Numerous academic organizations have asked to access anonymized course-progress data from our Code Studio tutorials in order to research the student learning process and ideas for improving on it.
We're interested in exploring ways to share just the machine-level data (with no student identifying information) to allow 3rd party researchers to help us improve our service, without any risk of impact on student privacy.
We'd love to do a lot more in this space, and we're limited by our own staff's ability to support third parties. We recently hired a data engineer to help us perform our own analysis and also to support academic efforts using the same data. We're hoping to open up more data soon.
In the meantime, we've done one experiment with researchers at Stanford University as explained below.

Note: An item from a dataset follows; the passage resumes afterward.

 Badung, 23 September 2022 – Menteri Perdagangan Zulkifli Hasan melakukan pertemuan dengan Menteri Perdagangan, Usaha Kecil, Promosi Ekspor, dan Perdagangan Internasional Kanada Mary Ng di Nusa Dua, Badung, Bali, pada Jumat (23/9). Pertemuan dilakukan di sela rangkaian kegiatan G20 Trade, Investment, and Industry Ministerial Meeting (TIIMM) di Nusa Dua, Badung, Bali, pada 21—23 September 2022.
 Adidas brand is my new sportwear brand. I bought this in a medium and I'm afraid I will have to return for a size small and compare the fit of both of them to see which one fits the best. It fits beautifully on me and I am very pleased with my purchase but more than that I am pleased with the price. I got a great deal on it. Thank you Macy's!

We'd like to take this further and look at what factors influence learning. For example, how do different puzzle types promote learning? How well do students transfer learning from one type of puzzle to another? How can we give students the right type of hints at the right time? What can we do to help students persist through hard problems instead of giving up? How do external factors (gender, age, class size, geography, etc.) impact student learning and what can we do to support diverse classes?

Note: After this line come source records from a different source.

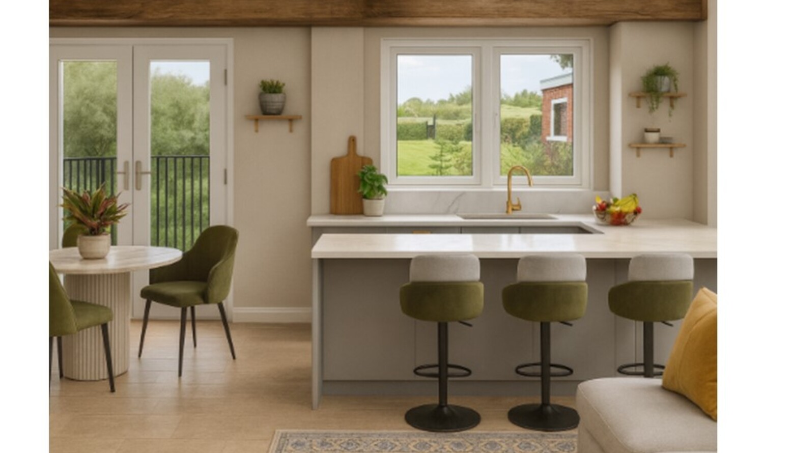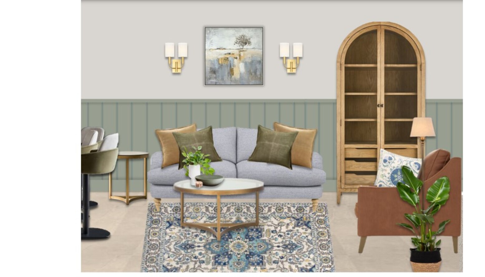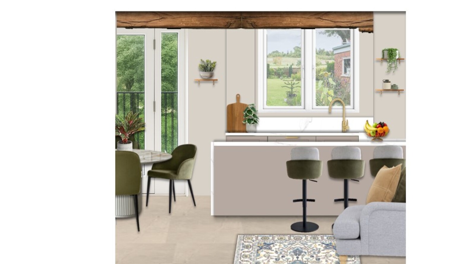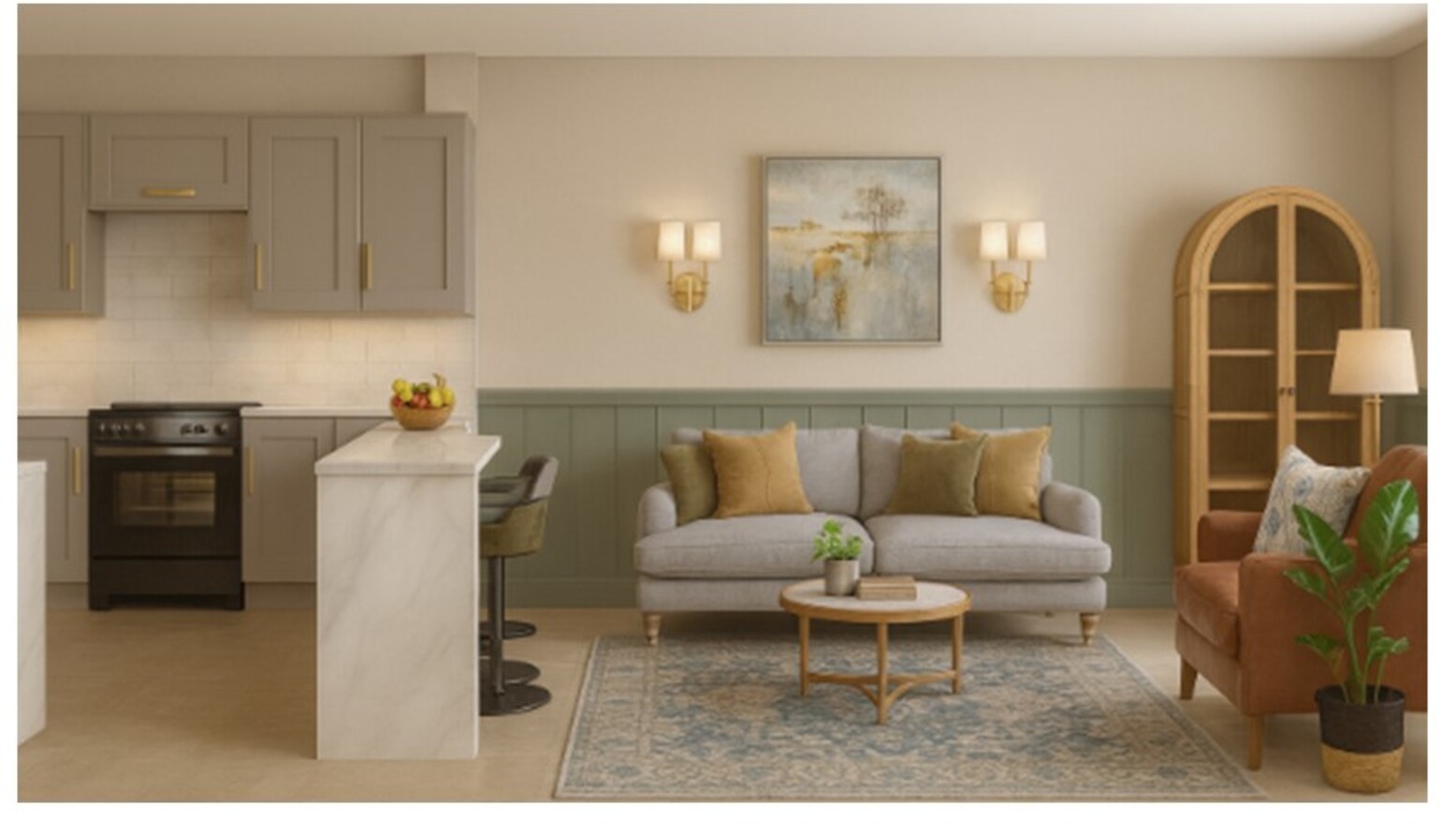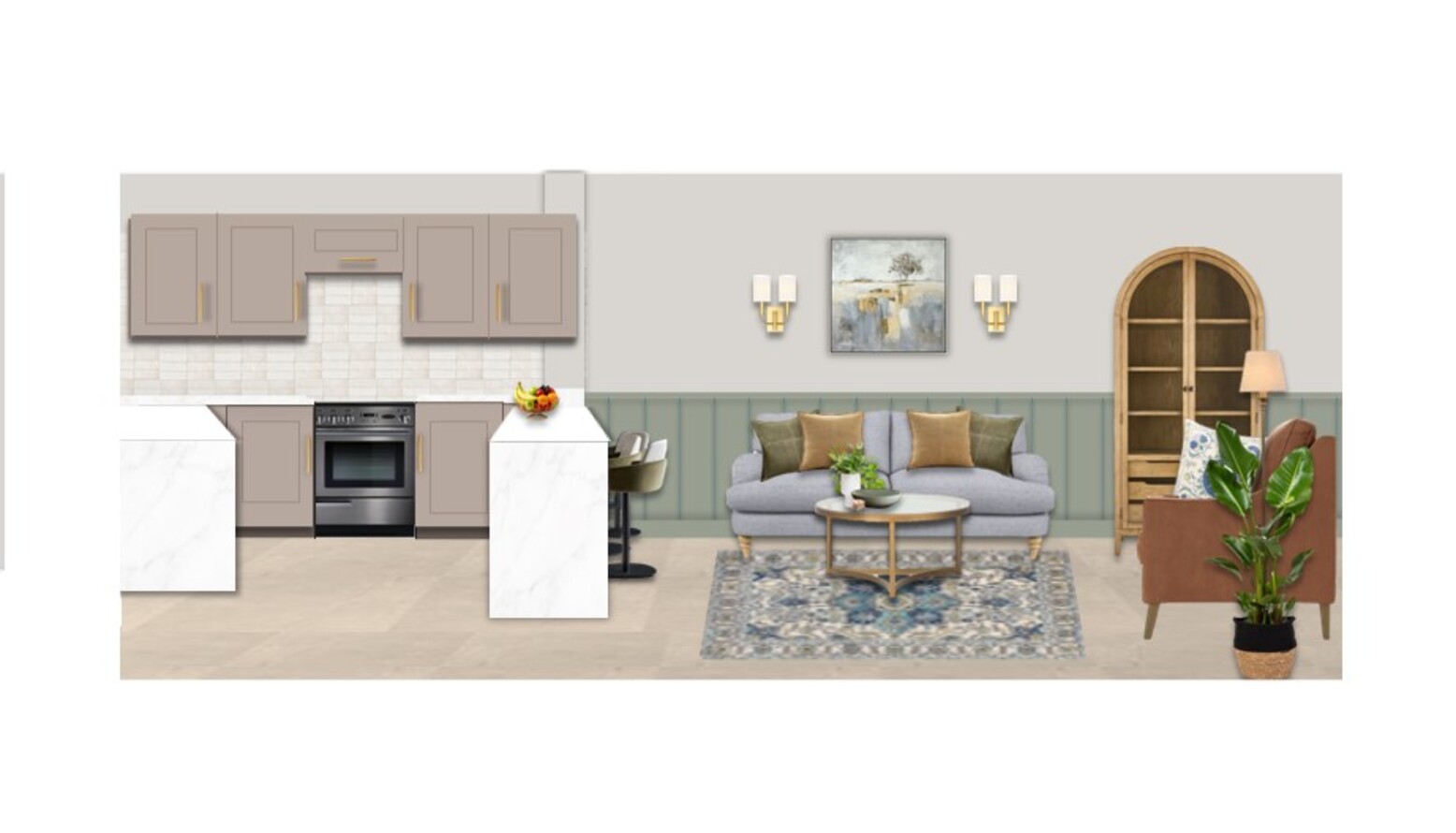 This triple-function living/dining/kitchen room seamlessly blends three essential spaces into one harmonious environment. The room boasts a cozy sofa arrangement, featuring an Iggy 2 Seat Sofa in Cognac Grain Leather and a John Lewis Otley Large 3 Seater Sofa, adorned with plush cushions in a palette of muted blues and earthy tones. A standout feature is the washable rug in a mix of blue and multicolor hues, anchoring the seating area and adding warmth. A natural wood coffee table and a curved cabinet provide storage and display options without overwhelming the space. Adjacent to this, the kitchen showcases sleek, modern cabinetry in soft gray, accentuated by gold hardware. Marble counters seamlessly connect the dining and cooking areas, complemented by stylish bar stools that add an inviting touch for casual meals. In terms of lighting, wall sconces flank a beautiful art piece reflecting tranquil outdoor scenes, while a floor lamp provides additional illumination, enveloping the room in a soft glow. The carefully curated selection of faux and real plants adds a refreshing natural element, enhancing the inviting ambiance. The overall color scheme combines gentle greens, soothing blues, and warm wood tones, creating an inviting, modern living space perfect for relaxation and entertaining.
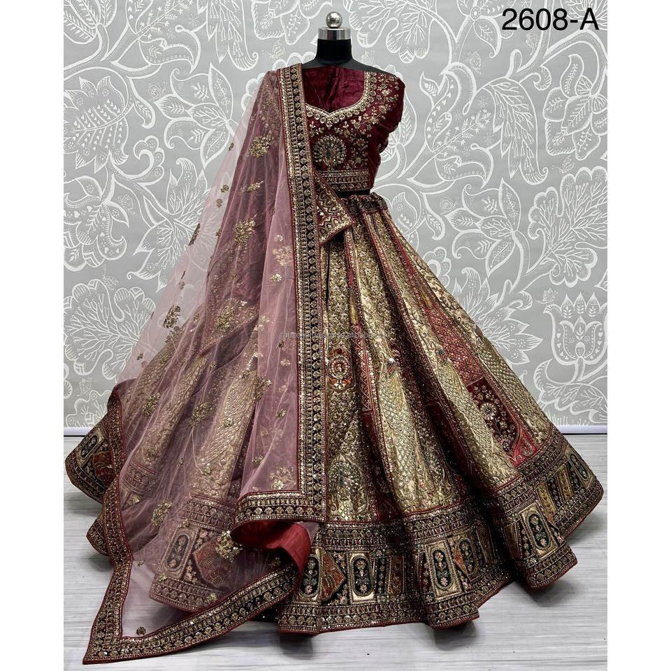 Collections de velours de vêtements de mariée indiens pour la mariée avec le travail de Zarkhan par Fabzone
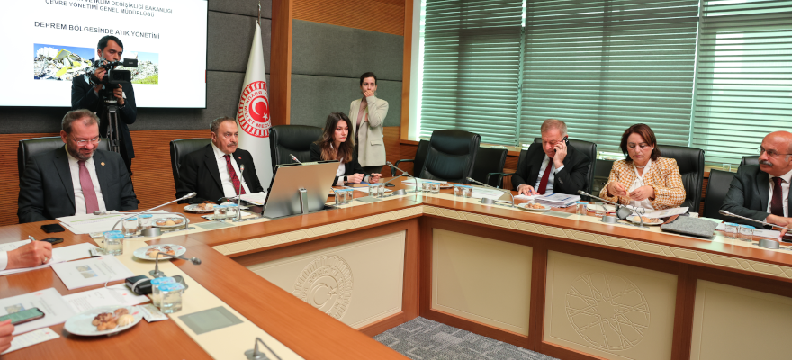 Komisyonda, Çevre, Şehircilik ve İklim Değişikliği Bakanlığı temsilcileri, Kahramanmaraş merkezli depreme ilişkin sunum yaptı.

If you're interested in working with us on these questions (and more), sign up below. We'll share our raw data with you as we publish it.
Our first foray in this space has been a partnership with a Stanford University research team led by Mehran Sahami. Stanford researcher Chris Piech evaluated the various computer programs that students submitted to two computer programming puzzles from our popular Hour of Code tutorial. The dataset below was generated for the paper Autonomously Generating Hints by Inferring Problem Solving Policies by Piech, C. Mehran S. Huang J and Guibas L.

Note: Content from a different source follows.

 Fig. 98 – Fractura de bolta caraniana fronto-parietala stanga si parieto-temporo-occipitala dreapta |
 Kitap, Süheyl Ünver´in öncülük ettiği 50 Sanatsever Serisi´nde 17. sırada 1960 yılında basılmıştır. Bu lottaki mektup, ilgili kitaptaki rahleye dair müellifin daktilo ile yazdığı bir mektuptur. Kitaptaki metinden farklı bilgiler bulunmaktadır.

The link below is a dataset of anonymized, aggregated data of student attempts to solve these two puzzles, as explained in the readme.txt file and below. Please contact email@example.com if you have questions.
This is a dataset of aggregate user interaction data for logged-in users working on two computer programming challenges, Hoc4 and Hoc18 from December 2013 to March 2014. The solution to Hoc4 requires students to string together a series of moves and turns. The solution to Hoc18 requires an if/else condition inside a for loop. Submissions are collected each time a logged in user executed their code.
The Abstract Syntax Trees of all the unique programs. Each file is an AST in json format where each node has a "block type", a nodeId and a list of children. The name of the file is the corresponding astId. AstIds are ordered by popularity: 0.json is the most common submission, followed by 1.json etc. The file asts/counts.txt has corresponding submission counts and asts/unitTestResults.txt has the code.org unit test scores.
Graphs/roadMap.txt stores the edges of the legal move transitions between astIds as allowed by the code.org interface.
A dataset gathered by Piech et Al to capture teacher knowledge of "if a student had just submitted astId X, which adjacent astId Y would I suggest they work towards."
Each file represents a series of asts (denoted using their astIds) that one or more students went through when solving the challenge. File names are the trajectoryIds. The file trajectories/counts.txt contains the number of students who generated each unique trajectory. The file trajectories/idMap.txt maps "secret" (eg anonymized) studentIds to their corresponding trajectories.
We interpolate student trajectories over the roadMap graph, so that for each student we attempt to calculate the Maximum A Posteriori path of single block changes that each student went through. The file interpolated/idMap.txt contains the mapping between interpolated trajectory Ids and trajectory Ids.
The students who attempted and completed the subsequent challenges (Hoc5 and Hoc19 respectively). The file nextProblem/attemptSet.txt is the list of "secret" (eg anonymized) studentIds of users who tried the next problem. The file nextProblem/perfectSet.txt is the list of "secret" (eg anonymized) studentIds of users who successfully completed the next problem.
Some ASTs do not compile in the interface and are thus not captured. This dir contains a list ASTs that do not compile but are still relevant for understanding user transitions.